SYSTEM "You are a senior Linux and DevOps engineer. Answer concisely, lead with the exact command."

ollama create cfg-devops -f Modelfile

Now query the model you just trained, served entirely from your own machine:

ollama run cfg-devops "How do I drain a Kubernetes node for maintenance?"

The model answers in the voice it was trained on, served from the local GGUF with no Python and no GPU memory held open by a training process:

Run `kubectl drain <node> && sudo shutdown -r now`. The `drain` evicts pods and then it's safe to reboot.

The same terse, command-first style, now served from a local GGUF:

From here the model behaves like any other Ollama model, so it drops straight into the tools you already use. Point Open WebUI at it for a chat interface, or call it from a script through the Ollama API.
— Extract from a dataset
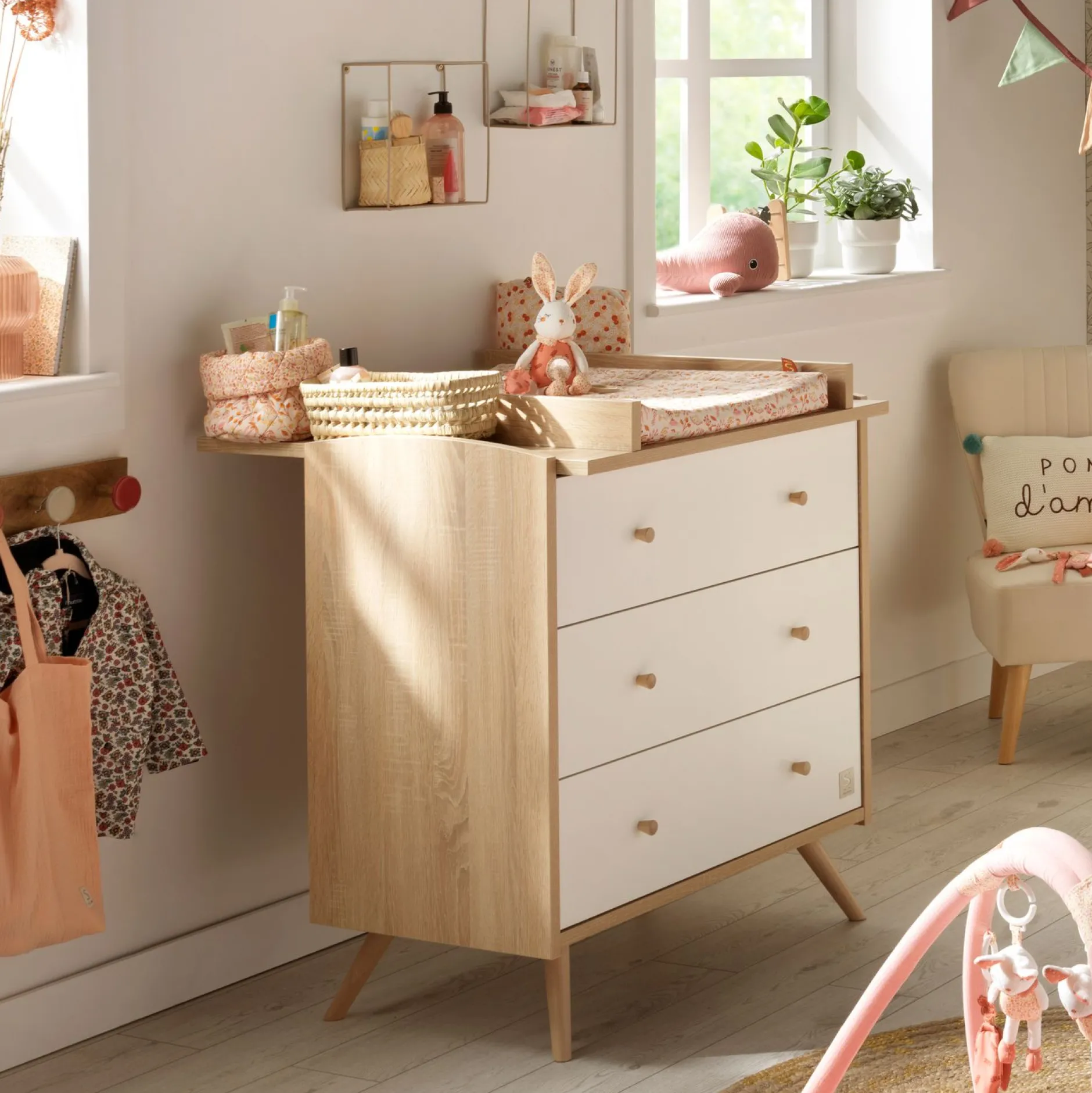 Un design intemporel qui conviendra à toutes les ambiances de chambre ! Ses 3 tiroirs ultra pratiques seront parfaits pour un espace de rangement optimisé ! Pratique, un plan à langer de la même collection pourra être fixé sur le dessus de la commode (non inclus).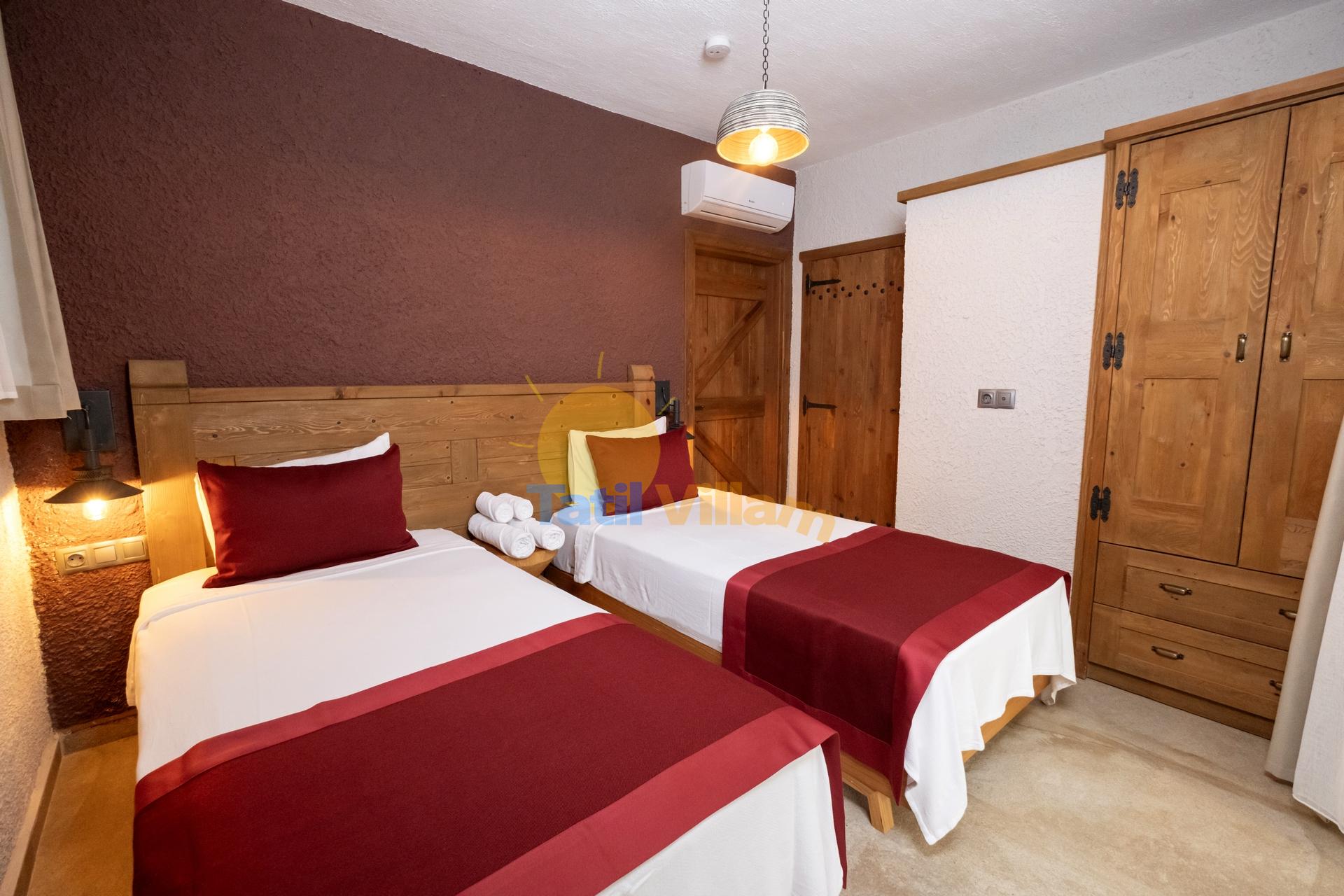 Detayları : 2 adet tek kişilik yatak, Komidin, Elbise dolabı, Klima ve Banyo bulunmaktadır.

Tuning the run: what moves loss and VRAM

Once the pipeline works, four knobs decide the outcome, and they trade against each other. These are the levers to reach for when a run underfits, overfits, or runs out of memory:

Knob	Effect	When to change it
`num_train_epochs`	How many passes over the data	Raise if the model ignores your style; lower if answers start repeating training examples verbatim
`r` (LoRA rank)	Capacity of the adapters	8 to 16 for style or domain tone; 32 or 64 only for teaching genuinely new knowledge, at higher VRAM
`max_seq_length`	Token window per example	The biggest VRAM lever; keep it just above your longest example
`per_device_train_batch_size`	Examples per step	Raise to use spare VRAM and speed up; if you hit an out-of-memory error, drop this first and raise gradient accumulation to compensate

The starting point in this guide (rank 16, three epochs, 2048-token window, batch 2) is a good default for an 8B style fine-tune on a 24 GB card, and it left most of the card unused. That headroom is the room to grow into a larger model, a longer context, or a bigger dataset before you ever need to rent a second GPU.